After the walls were poured, the floor was poured in segments.
These cement floor segments vary in size, with portions of the slab
floor supported to the east by either lumber, rock, or concrete
footings. It was impossible to determine what exactly was used as
supports since no view of the underside of the floor is possible.
These supports, of whatever material, were necessary due to the
asymmetrical surface of the ground.
The cabin sports six wooden framed windows and two fireplaces.
A river rock fireplace is located on the north wall in the main
room and a much smaller fireplace is in the kitchen. The front
door and side doors, as well as the window frames, have been
transported from town since they are of a mercantile grade.

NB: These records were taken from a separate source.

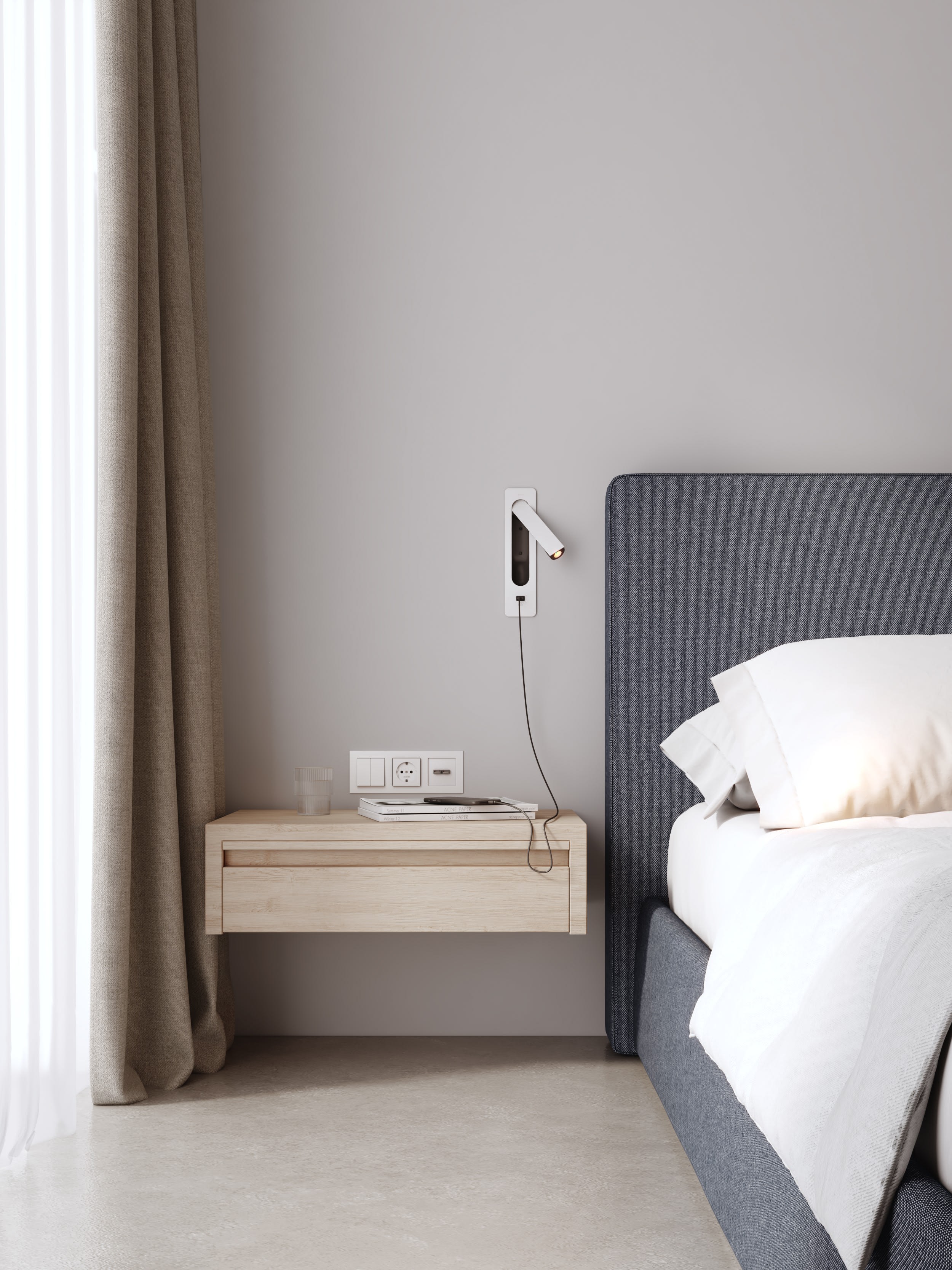 Dix années de développement font de la veilleuse encastrée Keta une merveille d’ingénierie. Conçue pour être montée au mur, verticalement ou horizontalement, elle est dotée d'une source lumineuse encastrée pour réduire l’éblouissement et d’un interrupteur d’allumage-extinction automatique avec mouvement d’accueil. Parmi les détails raffinés, on retiendra des butées pensées pour prévenir l’abrasion et un alignement parfait de la tête et du support.
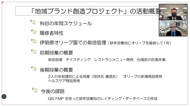現代マネジメント学科では、地域に密着したプロジェクトの活動概要と学生の実際の取組み状況、および今後の課題が報告されました。
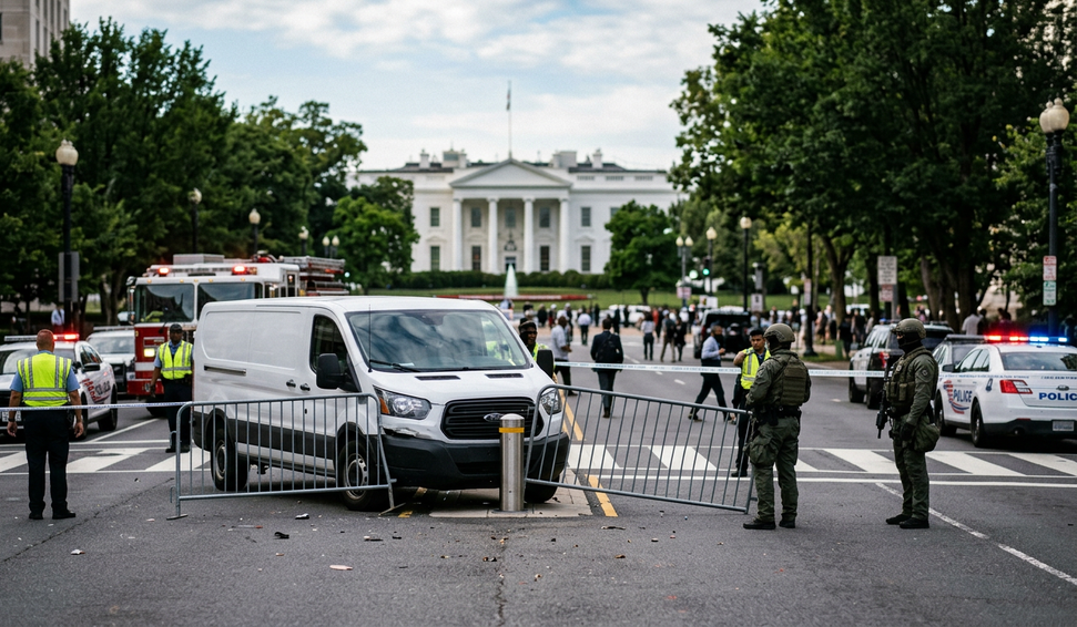 Uma van colidiu na manhã desta quarta-feira, 11, contra uma barreira de segurança próxima à Casa Branca, levando ao fechamento do perímetro no centro de Washington durante o horário de pico, conforme informou a polícia local.
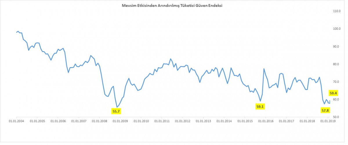 TÜİK ile TCMB işbirliğinde yürütülen tüketici eğilim anketi sonuçlarından hesaplanan mevsim etkilerinden arındırılmış tüketici güven endeksi, Mart ayında bir önceki aya göre %2,9 oranında artışla 59,4 değerini aldı
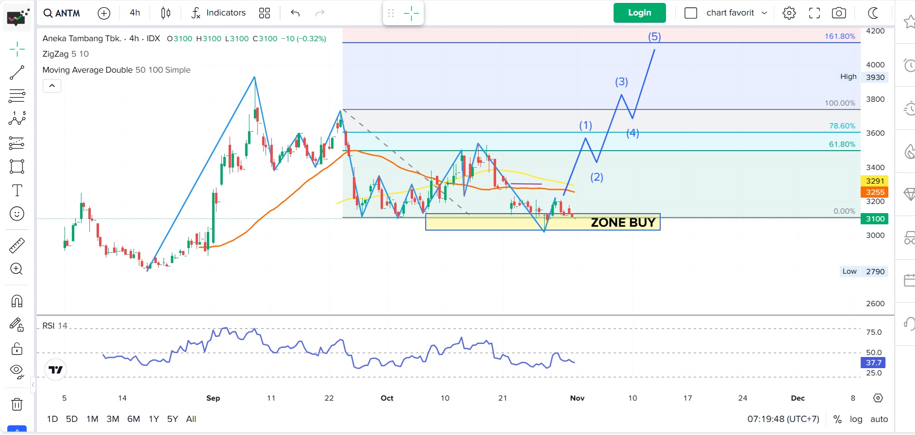 Indikator: ZigZag, MA50 & MA100, Fibonacci Retracement, RSI 14
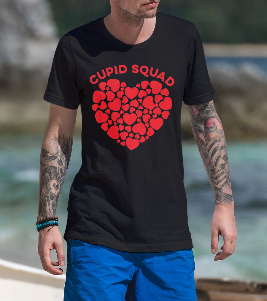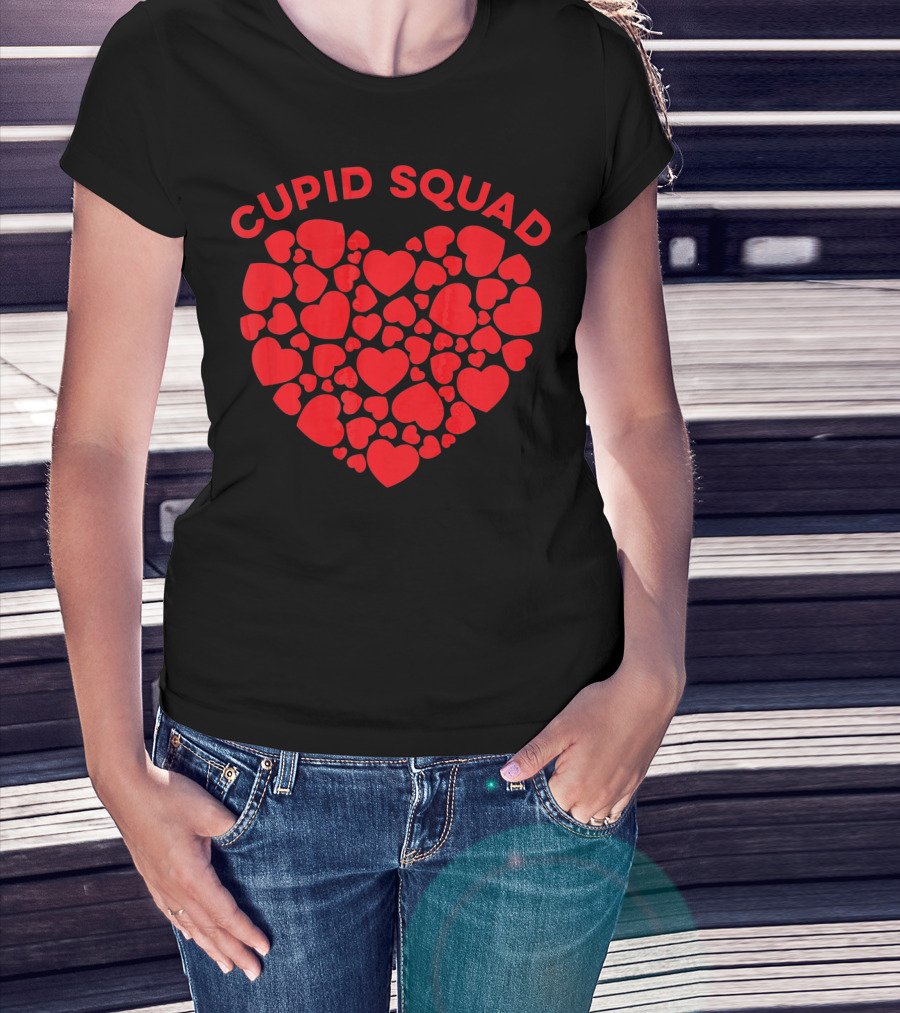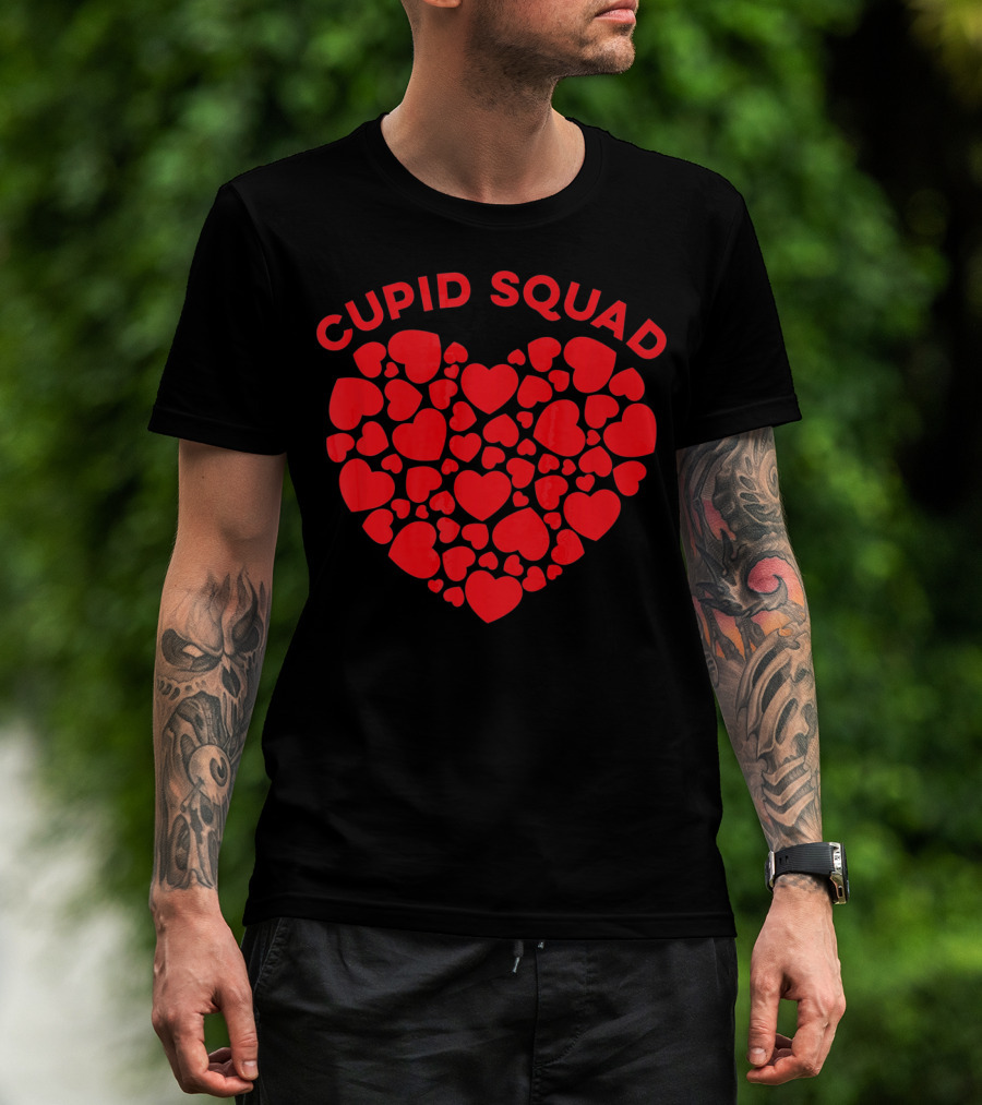 The Cupid Squad Valentines Heart T-shirt is designed for everyday wear and a consistent fit. Fabric is pre-shrunk ring-spun cotton with durable stitching. See the size chart below for exact measurements.
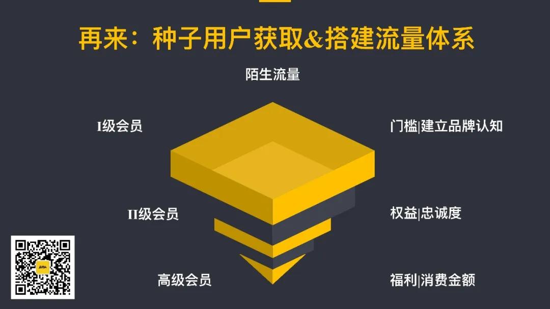 从最开始陌生的流量,把它装进来,从一级会员升级到二级会员,升级到高级会员。一定是要有一个门槛,让这个门槛去筛选泛流量,通过已经建立好的会员群的权益来检测这些流量对品牌的忠诚度,最终在群内去发放会员制的福利。通过衡量消费金额,逐步把优质的消费者变成为你的代理。最后,实现线上和线下的完整通路。
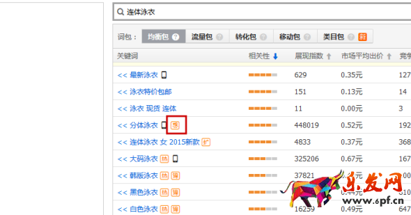 系統將從不同的維度推薦的關鍵詞分為5個詞包,為均衡包、流量包、轉化包、移動包、類目包。
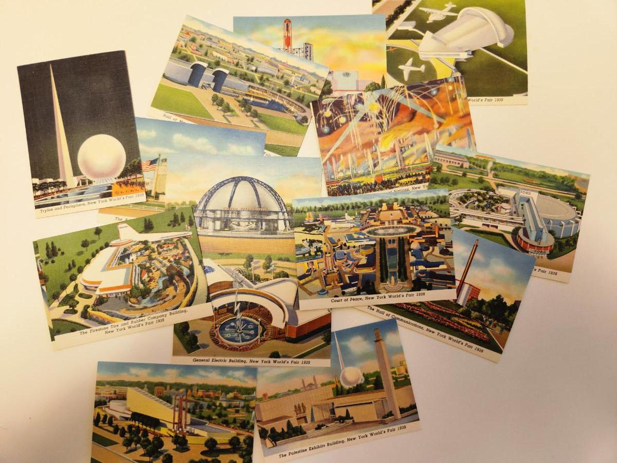This auction lot is for a set of New York World's Fair Miniature Postcards. Many souvenirs were produced for the iconic New York World's Fair - one of the sweetest is this small set of linen postcards in its sleeve. The set contains all of the original 16 cards highlighting the best of the Fair. Postcards appear in good condition.
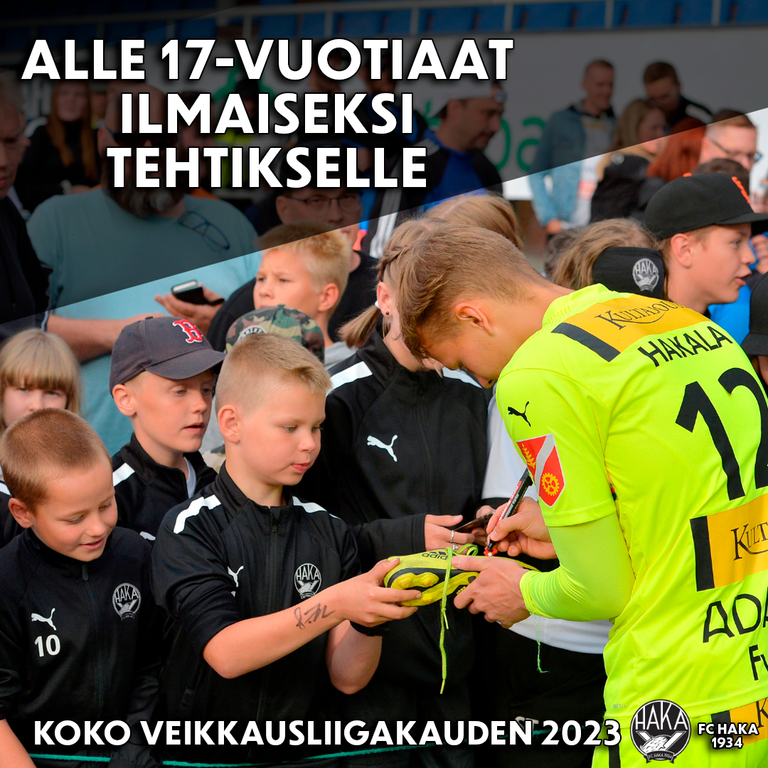 Alle 17-vuotiaiden ilmainen sisäänpääsy on voimassa FC Hakan Veikkausliigan kotiotteluissa 2023. Ei koske euro-, tai Cup-otteluita.
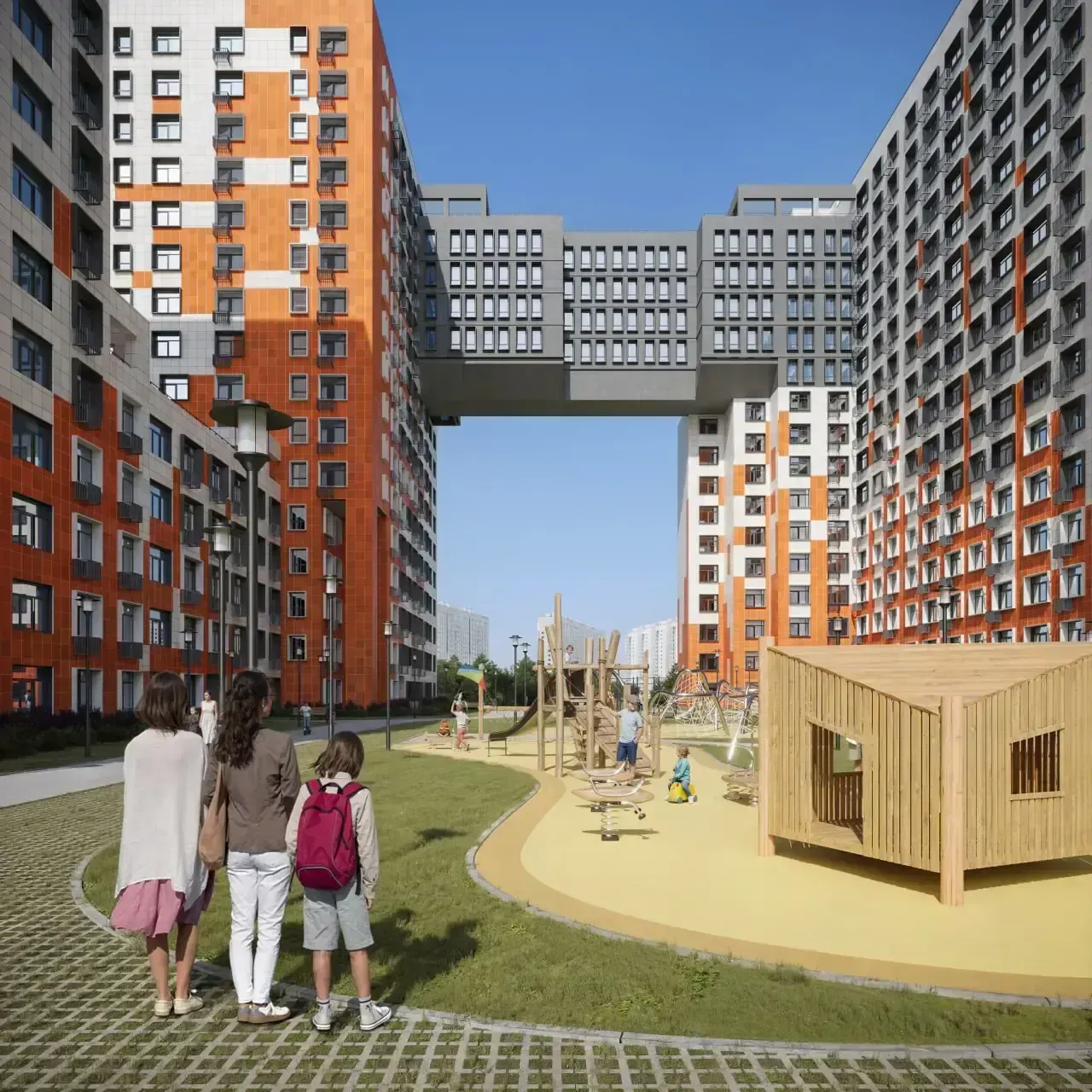 Для нашего заказчика одной из важных задач было создание яркого проекта, чья архитектура будет привлекать внимание и украсит городскую среду Красноярска. Архитекторы «Миторры» предложили необычный для жилых проектов элемент – эффектный 4х-уровневый «мост», соединяющий два корпуса на уровне 12-16 этажей. Такое решение не только делает жилой комплекс заметным, но и увеличивает его полезную площадь, повышая эффективность проекта.
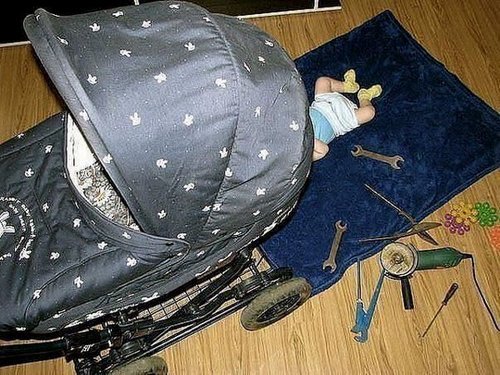 Baby Mechanic Repairs Stroller
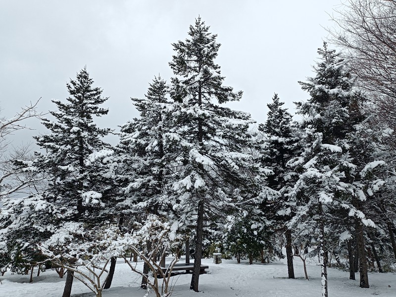園内の雪化粧した樹木を撮影したので、どれが一番きれいか
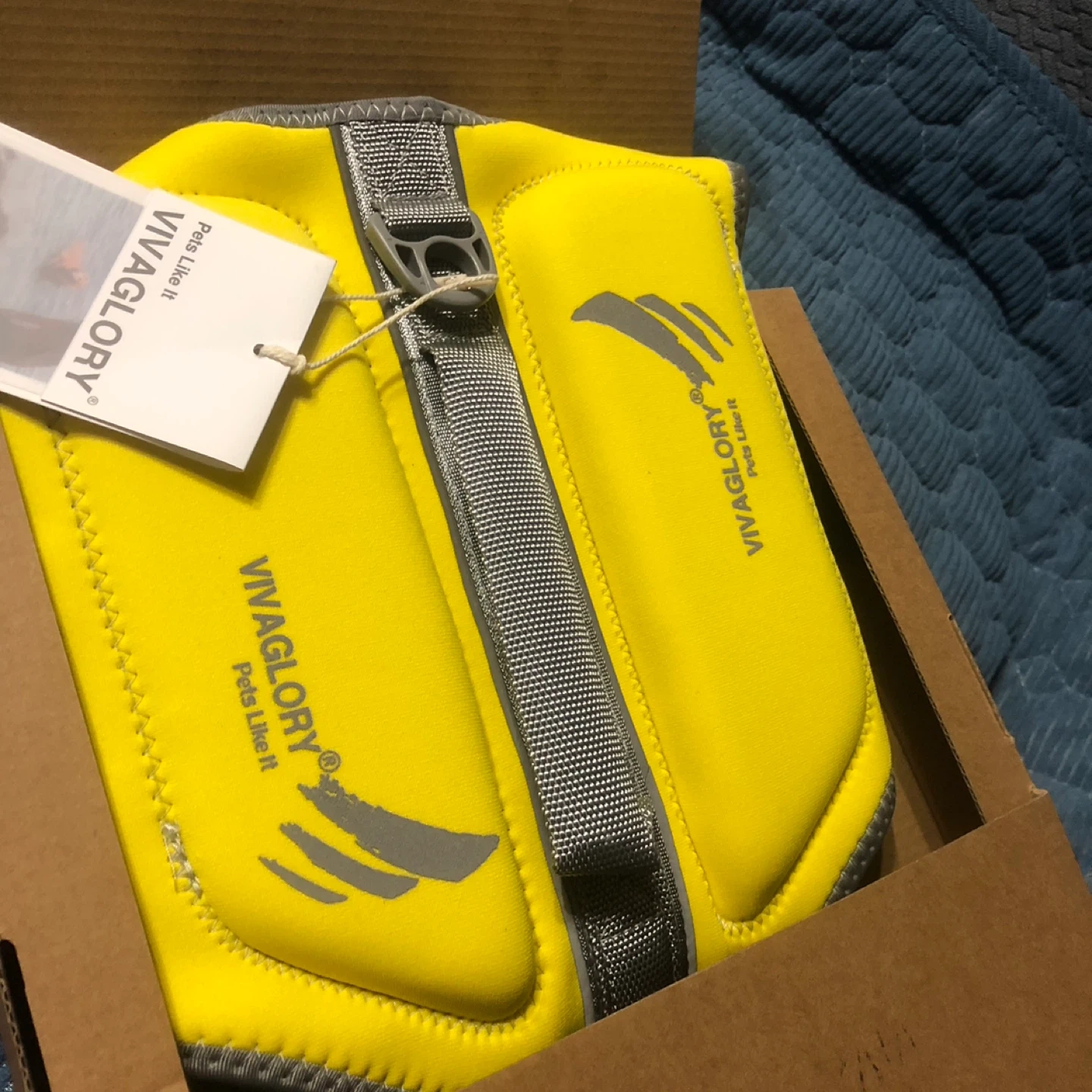 Selling a new VIVAGLORY pet life jacket vest in bright yellow. Features adjustable straps and buckles for a secure fit. Size is small.
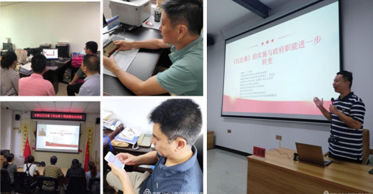 近日,仓山区法学会、仓山区司法局在金山司法所举办《民法典》系列宣讲活动启动仪式。完美(中国)官方法学院副教授丁兆增受邀围绕“《民法典》的实施与政府职能进一步转变”为主题开展专场授课,并通过“云课堂”平台进行直播。仓山区各司法所负责人,干部群众代表50余人在现场参加了仪式和听课,全区干部群众3000余人在线观看学习。

On the south (front) of the house is a wide dirt, open-level
surface which measures 5' by 35' and is outlined with rocks.
Leading down from this area are seven small boulders positioned as
steps. Constructed at the bottom, some 20 feet below are two posts
connected by an old wire which was used to tether mules or burros.
Fifty feet southwest of the house is a historic period rock and
earthen oven or "hornito". Forty feet west of the house stands a
cement and rock forge which may also have been used as a smelter,
judging by the associated ladle and smelting equipment nearby.
These associated activity areas date from the same period as the
cabin.
The property is in overall excellent condition and has had minimal
attention since its construction, in about 1930. The setting has
changed little and the environment and structures reflect the
individual miner and his residence and occupation during the early
20th century.

===Hiking Trail===
Apparently, Jack Miller built a road up the canyon, back in the day, but it washed out in a big flood in 1976. Now Access to the "Martinez Canyon Trail" trailhead starts at Van Buren and 68th Ave. into the base of the canyon. It is a 20-mile out-and-back Trail following a stream into eventually reaching the stone cabin. Inside the Cabin Hikers who make the voyage leave their names on a Paper sheet inside the structure and sometimes may camp inside where two beds remain.